Niedzielny kolarski wyścig szosowy kobiet przyniósł wiele emocji Polakom. Nasze panie nie zawiodły, pokazały klasę, wolę walki, czyli to czego chcą kibice, nawet jeśli nie uda się zdobyć medalu. W tzw. ucieczce dnia znalazła się Anna Plichta i naprawdę niewiele zabrakło do wielkiej radość Polaków, bo nasza zawodniczka została doścignięta dopiero na kilka kilometrów przed metą.

– Gdy zakładam biało-czerwoną koszulkę to zawsze dostaję dodatkową motywację. Gdy przyjechałyśmy tutaj z dziewczynami, to wiedziałyśmy, że mamy spore szanse na medal. Kasia była naszą liderką i wszystkie dałyśmy z siebie sto procent – powiedziała Anna Plichta po olimpijskim kolarskim wyścigu ze startu wspólnego, w którym zajęła ostatecznie 27. miejsce.

– Przed wyścigiem założyłyśmy, że jeśli będą uciekać mocniejsze ekipy, to musimy być w ucieczce. Natomiast podczas rywalizacji zaatakowała dziewczyna, u której byłam na kole. Wtedy pomyślałam, że zostanę u niej na kole i odjedziemy, ale liczyłam, że dołączy do nas większa grupka.
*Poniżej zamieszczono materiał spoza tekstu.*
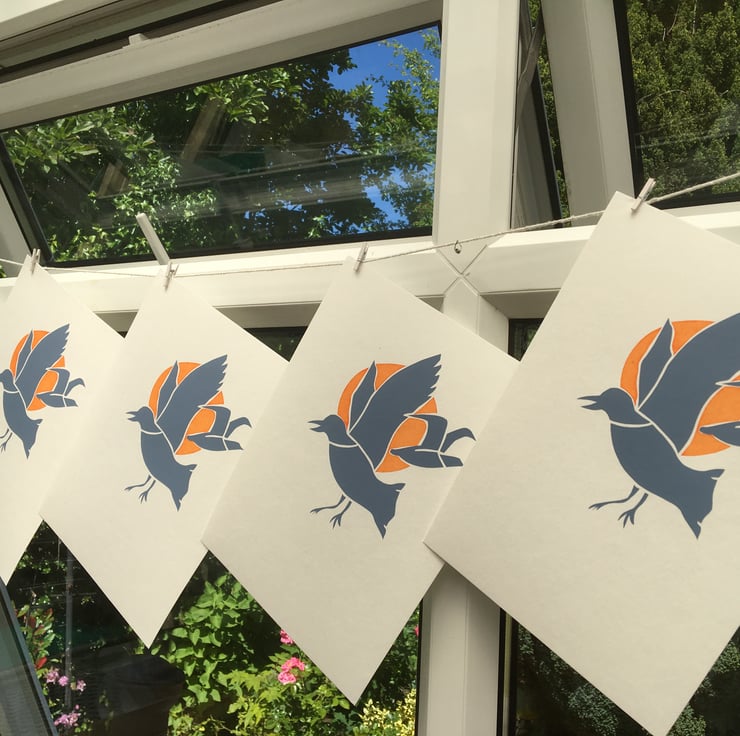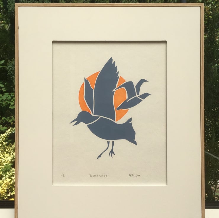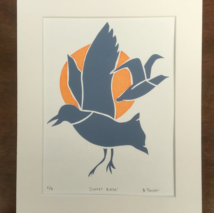A design I created many years ago and only now been brought to life. We usually associate certain colours when thinking of birds in flight with a sunset backdrop. The blue birds in this image combined with the orange create a much softer and contemporary look to a typical sunset or sunrise scene.
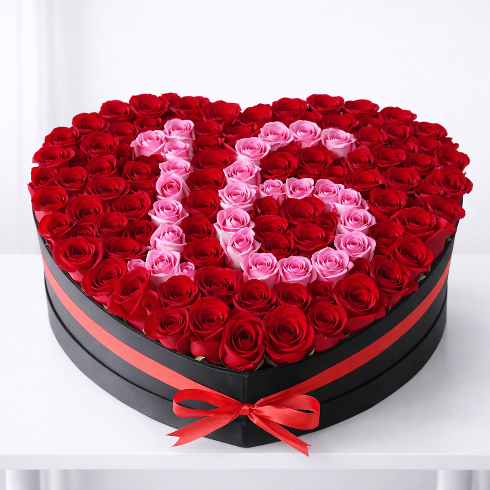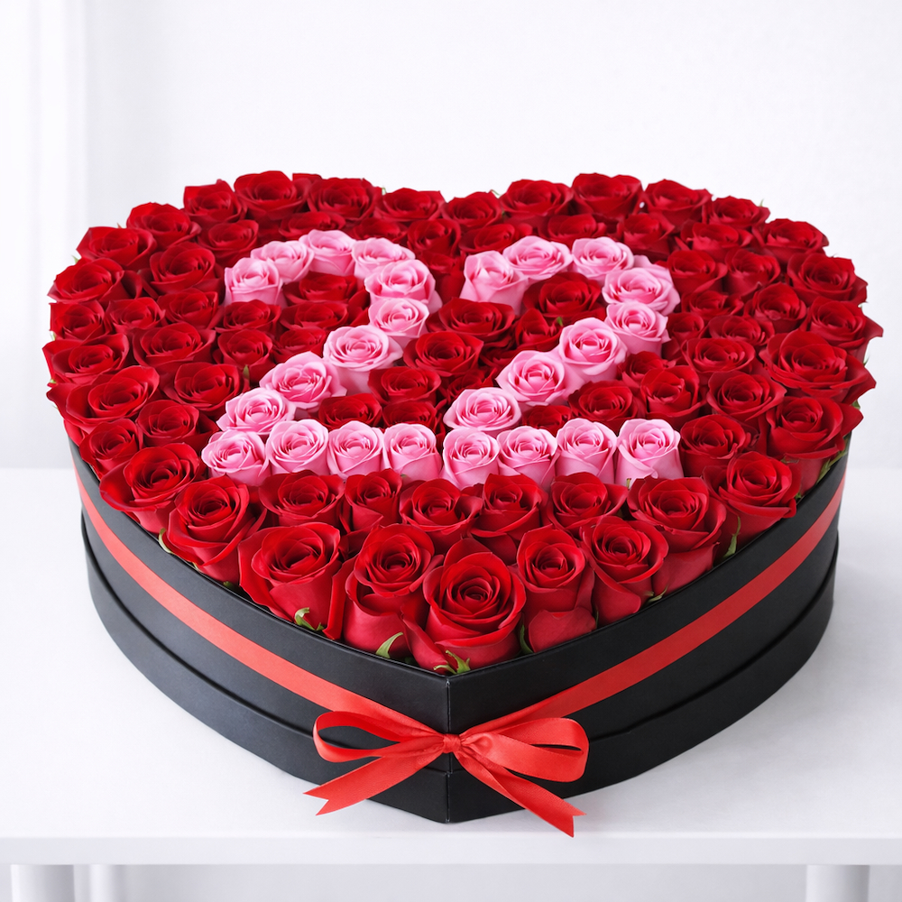 تنسيق مميز ولافت مكوّن من 100 وردة جوري طبيعية مرتبة داخل صندوق فاخر على شكل قلب، مع أرقام مخصّصة مصممة باستخدام ورود جوري وردية لإبرازها بشكل أنيق. يُعد هذا البوكس خيارًا مثالياً للاحتفال بأعياد الميلاد، الذكرى السنوية، المناسبات الخاصة، أو تواريخ مهمة، حيث يضيف لمسة شخصية فاخرة ويجعل الهدية لا تُنسى.

Później ostatecznie tak się to ułożyło, że uciekałyśmy w trójkę i udało się nam zbudować solidną przewagę – dodała Plichta.

– Austriaczka podczas wyścigu była bardzo mocna. Odjechała mi na podjeździe, kiedy musiałam sięgnąć po bufet, ale przy takim upalne należało wziąć dodatkowy bidon. Kolarka z Izraela też mi uciekła, ale później udało mi się ją doścignąć w przeciwieństwie do prowadzącej Kiesenhofer – powiedziała Plichta, która była polską bohaterką wyścigu, uciekała przez wiele kilometrów, ale ostatecznie został wchłonięta przez goniący peleton na niespełna 5 km przed metą. Było blisko, ale tym razem się nie udało.

Mistrzynią olimpijską została Austriaczka Anna Kiesenhofer, srebro wywalczyła niesamowita Holenderka Annemiek van Vleuten, a brąz Włoszka Elisa Longo Borghini. Najwyżej sklasyfikowaną Polaka była Katarzyna Niewiadoma (14.), Marta Lach zajęła 18. miejsce, a Anna Plichta 27.

W kolarstwie szosowym zawodniczki i zawodnicy rywalizować będą jeszcze w indywidualnej jeździe na czas. Tymczasem do 28 lipca odpoczynek i treningi.